In the records below, find the line containing "Transatlantic TelegramNew England", then print it and every following line exactly, through the last, without pictures.

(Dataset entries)

┌────────

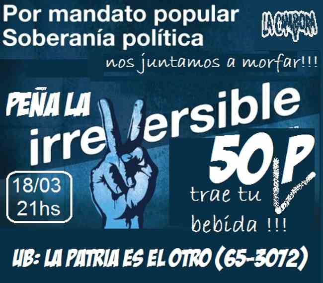 Este sábado 18 de Marzo a partir de las 21 hs tendrá lugar la peña «La Irreversible», organizada por la agrupación La Cámpora de Necochea y Quequén.
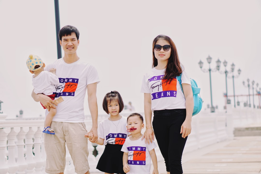 The family stood on the outdoor during the day
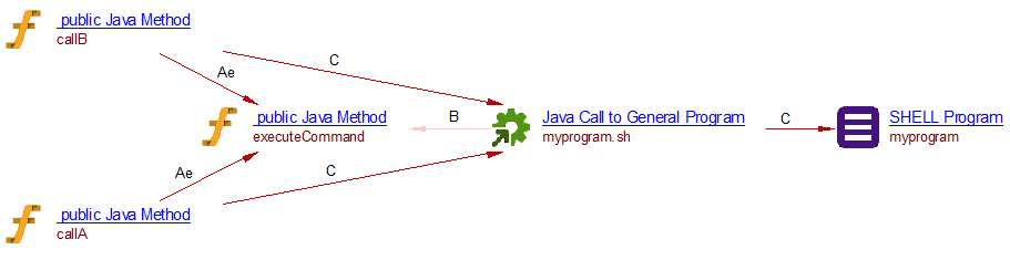 The Java Call to Program object belongs to the method containing the expression invoking the command (ProcessBuilder.start(…) or Runtime.exec(…)), in this case the method executeCommand. The callers to the Java Call to Program represent the methods from where the parameters of the (usually parameterized) invocation have been determined. In the figure above we can seen the two different call links (C) from methods callA and *callB *that correspond to two different values of the argument passed to the myprogram.sh script (option1 and option2). The list of all unique full command lines associated to a given Java Call to Program object can be found in the “Full command lines” property:
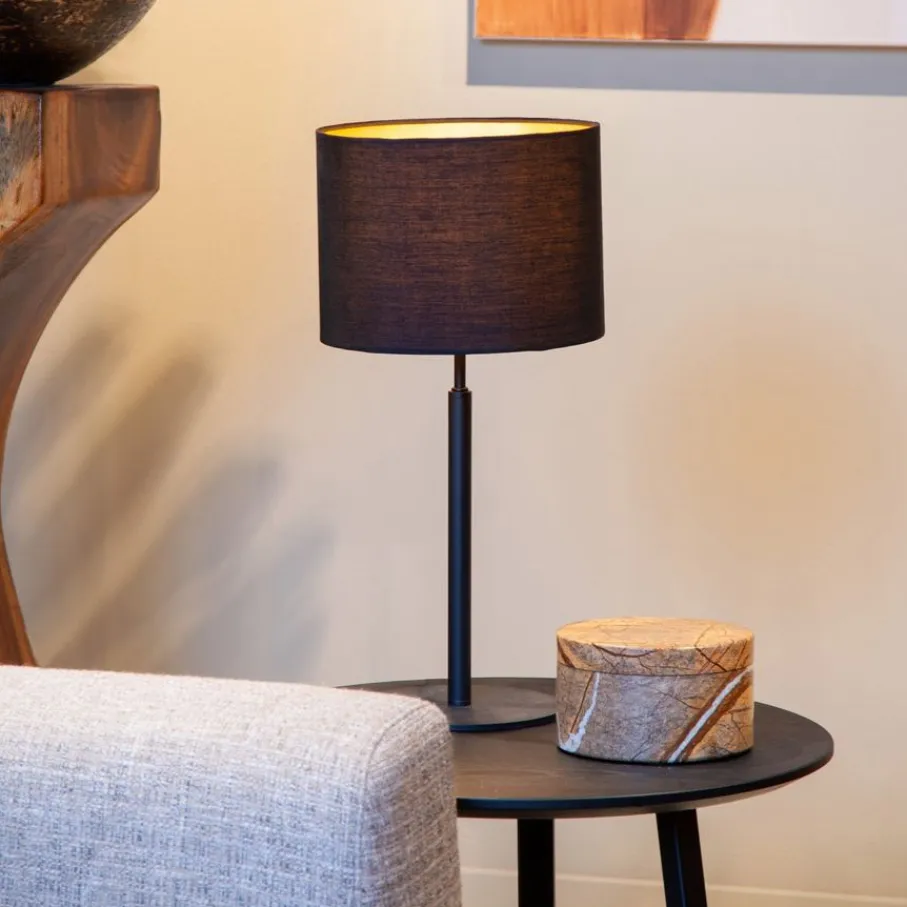 - Stijlvol en tijdloos design: Met zijn elegante zwarte metalen voet en ronde katoenen kap past deze lamp perfect in elk modern of eigentijds interieur.
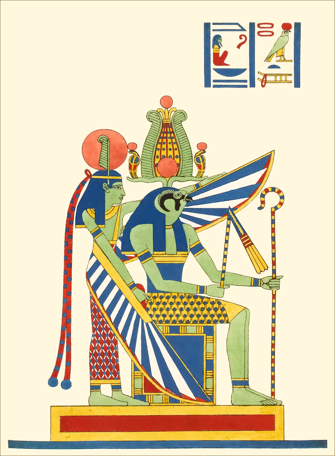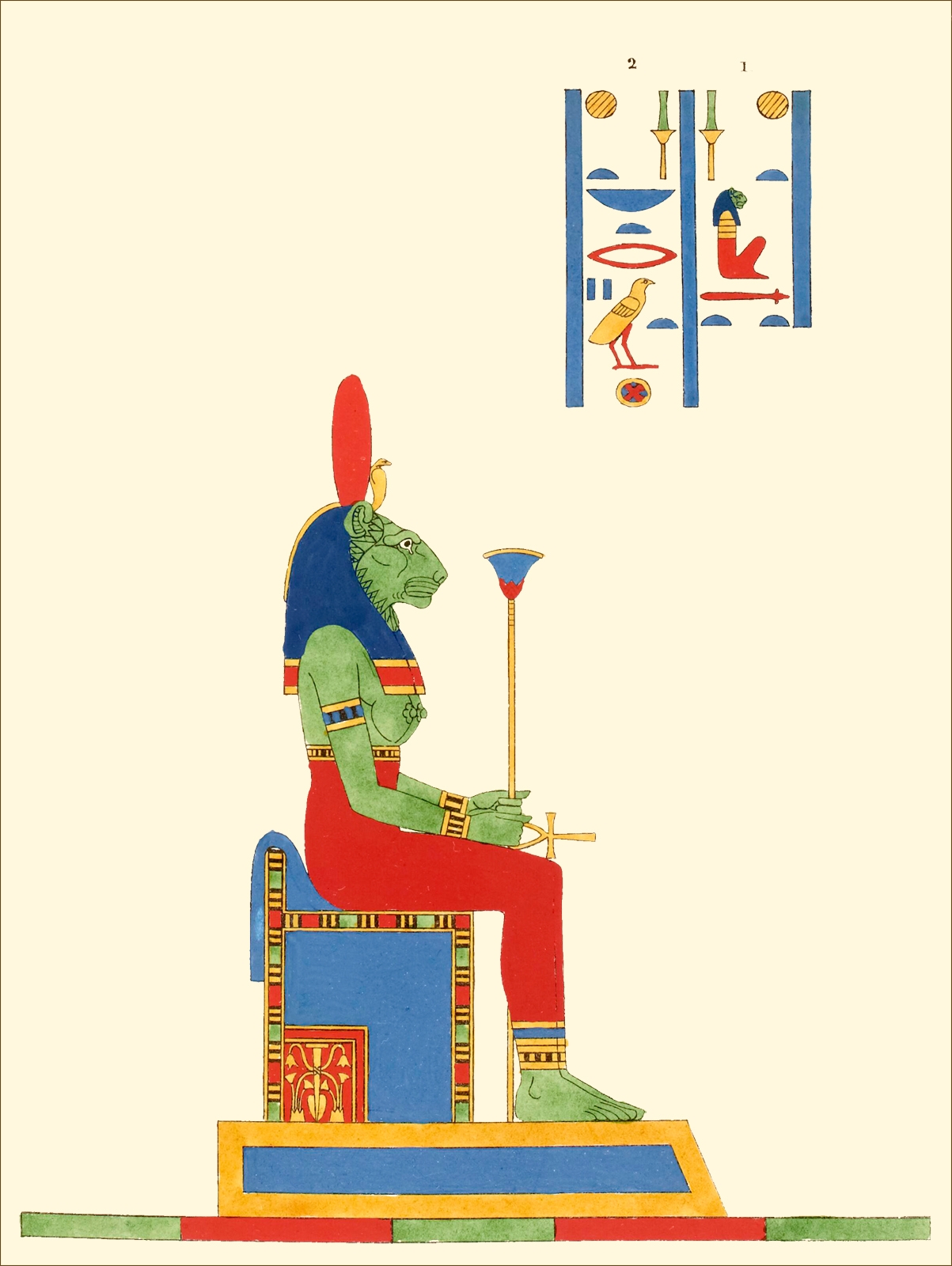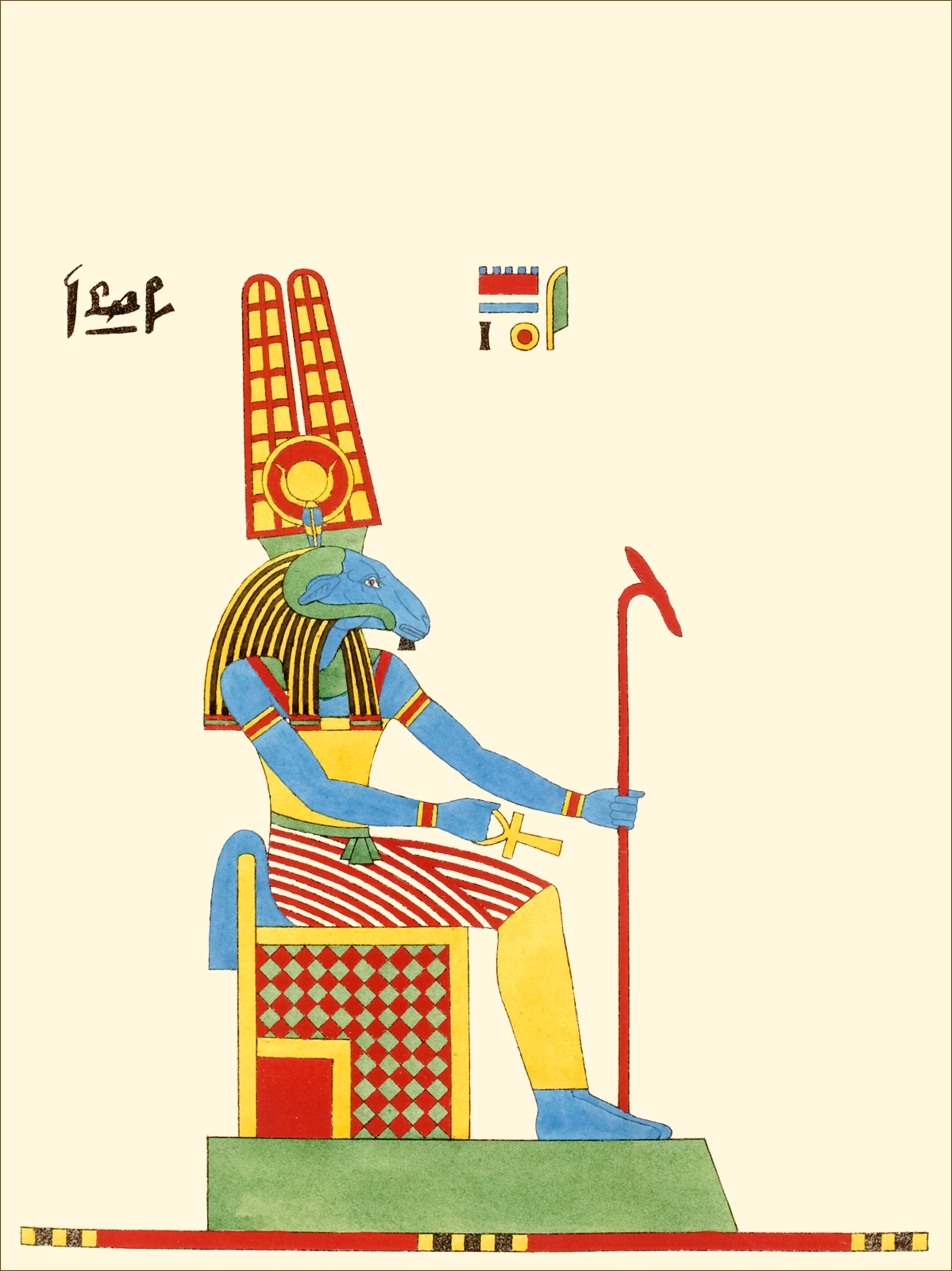 Les écrivains Grecs et Latins, qui nous ont conservé quelques documents sur le culte et sur la religion des anciens Égyptiens, disent tous que ce peuple représentait le dieu Amon, la principale divinité de l’Égypte et de Thèbes, sous une forme humaine, et ayant pour tête celle d’un bélier. On vient de voir cette divinité sous une forme purement humaine, mais les monuments nous la montrent aussi telle que les Grecs l’ont décrite; le nom et la légende hiéroglyphique Amon ou Amonré, Seigneur des régions du monde, Seigneur suprême, se lient, en effet, assez souvent avec l’image d’une divinité assise sur un trône, le sceptre des dieux d’une main, le symbole de la vie divine de l’autre, ayant les chairs vertes ou bleues comme l’Amon à face humaine, mais dont la tête est celle d’un bélier, ornée de la même coiffure, surmontée du disque, et des grandes plumes qui distinguent également Amon à tête d’homme; le serpent Ureus, vu de face, et qui décore le bas de cette coiffure, est l’emblême ordinaire de la puissance royale; cet insigne est commun aux dieux et aux souverains de l’Égypte: telle est la divinité représentée sur notre gravure.
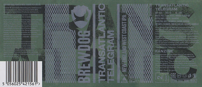 Transatlantic TelegramNew England West Coast IPABrewdog Fanzine Box 20BB 07/05/20198 . 5 % |
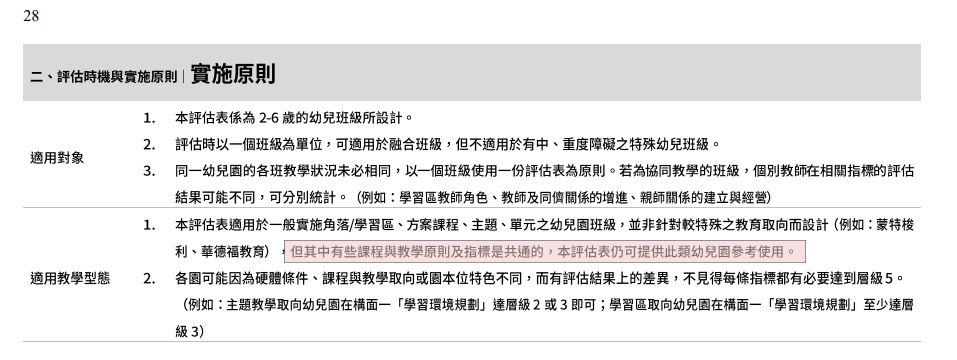 C-品質評估表並非針對較特殊之教育取向去設計的,如:蒙梭、華德福。「只是」有些共同的地方還是可以使用。
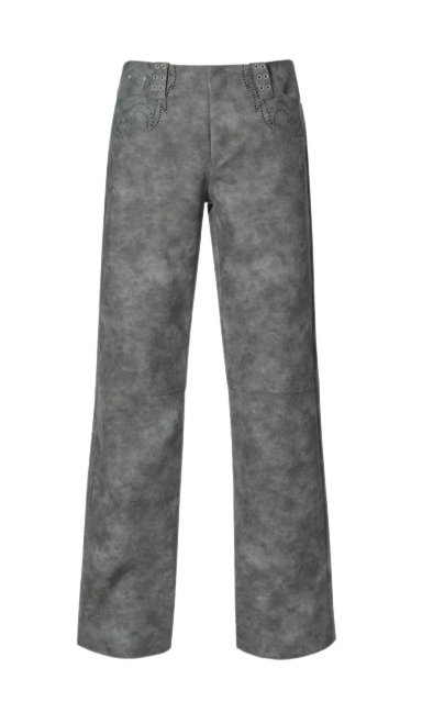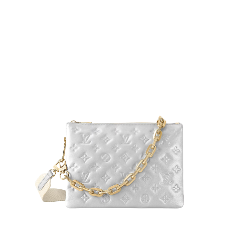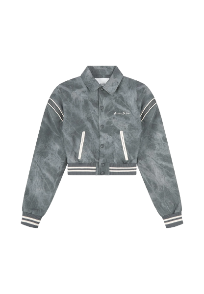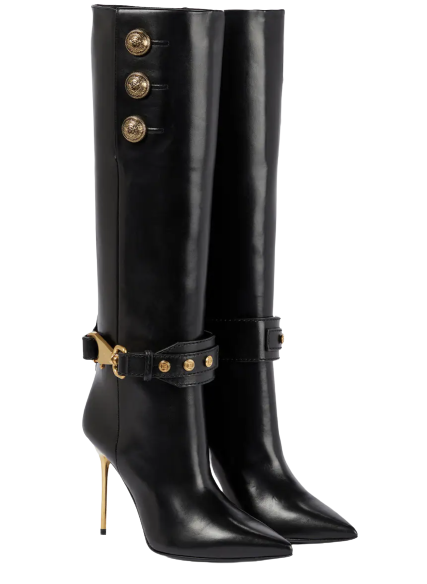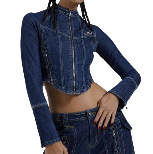The model went head to toe in Louis Vuitton for the 2024 cruise show in Italy, wearing this matching distressed wool cropped jacket and midi skirt. She paired it with metallic striped platform boots, a white monogram clutch with gold hardware, and gold chain earrings.
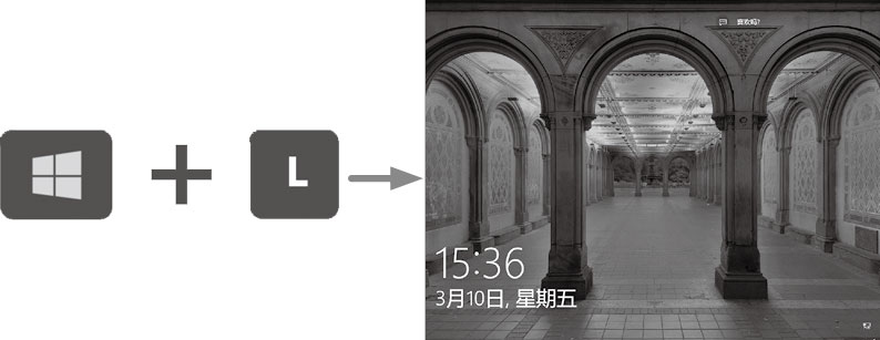按下按键不放。主要用于两个或两个以上的按键组合,称为组合键。按住【Windows】键不放,再按下【L】键,即可进入Windows锁定界面,如下图所示。
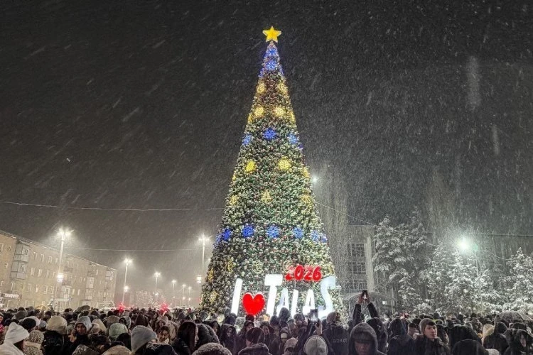 В Таласе состоялось торжественное открытие центральной площади города после реконструкции, одновременно была зажжена главная новогодняя елка.
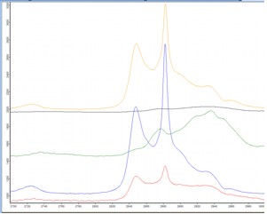 About 800 cm-1 – spectral band which can be attributed to the vibration mode of the P-O bonds within the lipids and nucleic acids.
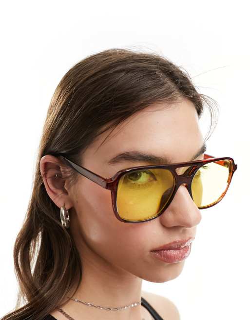 ASOS DESIGN fine frame aviator fashion glasses with yellow lens ASOS Very well made.
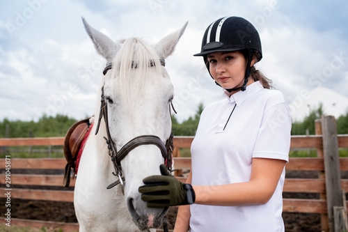 Pretty girl in equestrian helmet and gloves touching nose of white racehorse
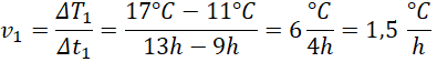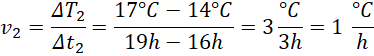 Przyrost/spadek temperatury należy podzielić przez okres, w jakim ona występowała. Poprawność rozwiązania można sprawdzić przez wykres narysowany w podpunkcie a. Im linia jest bliżej pionu (mocniej nachylona), tym temperatura szybciej rośnie lub spada.
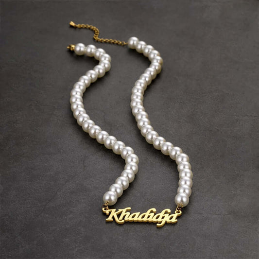 Custom Name Pearl Necklace Personalized Nameplate Choker

└────────

• _ANSWER SECTION_
 Transatlantic TelegramNew England West Coast IPABrewdog Fanzine Box 20BB 07/05/20198 . 5 % |
 C-品質評估表並非針對較特殊之教育取向去設計的,如:蒙梭、華德福。「只是」有些共同的地方還是可以使用。
The model went head to toe in Louis Vuitton for the 2024 cruise show in Italy, wearing this matching distressed wool cropped jacket and midi skirt. She paired it with metallic striped platform boots, a white monogram clutch with gold hardware, and gold chain earrings.
按下按键不放。主要用于两个或两个以上的按键组合,称为组合键。按住【Windows】键不放,再按下【L】键,即可进入Windows锁定界面,如下图所示。
 В Таласе состоялось торжественное открытие центральной площади города после реконструкции, одновременно была зажжена главная новогодняя елка.
 About 800 cm-1 – spectral band which can be attributed to the vibration mode of the P-O bonds within the lipids and nucleic acids.
 ASOS DESIGN fine frame aviator fashion glasses with yellow lens ASOS Very well made.
 Pretty girl in equestrian helmet and gloves touching nose of white racehorse
 Przyrost/spadek temperatury należy podzielić przez okres, w jakim ona występowała. Poprawność rozwiązania można sprawdzić przez wykres narysowany w podpunkcie a. Im linia jest bliżej pionu (mocniej nachylona), tym temperatura szybciej rośnie lub spada.
 Custom Name Pearl Necklace Personalized Nameplate Choker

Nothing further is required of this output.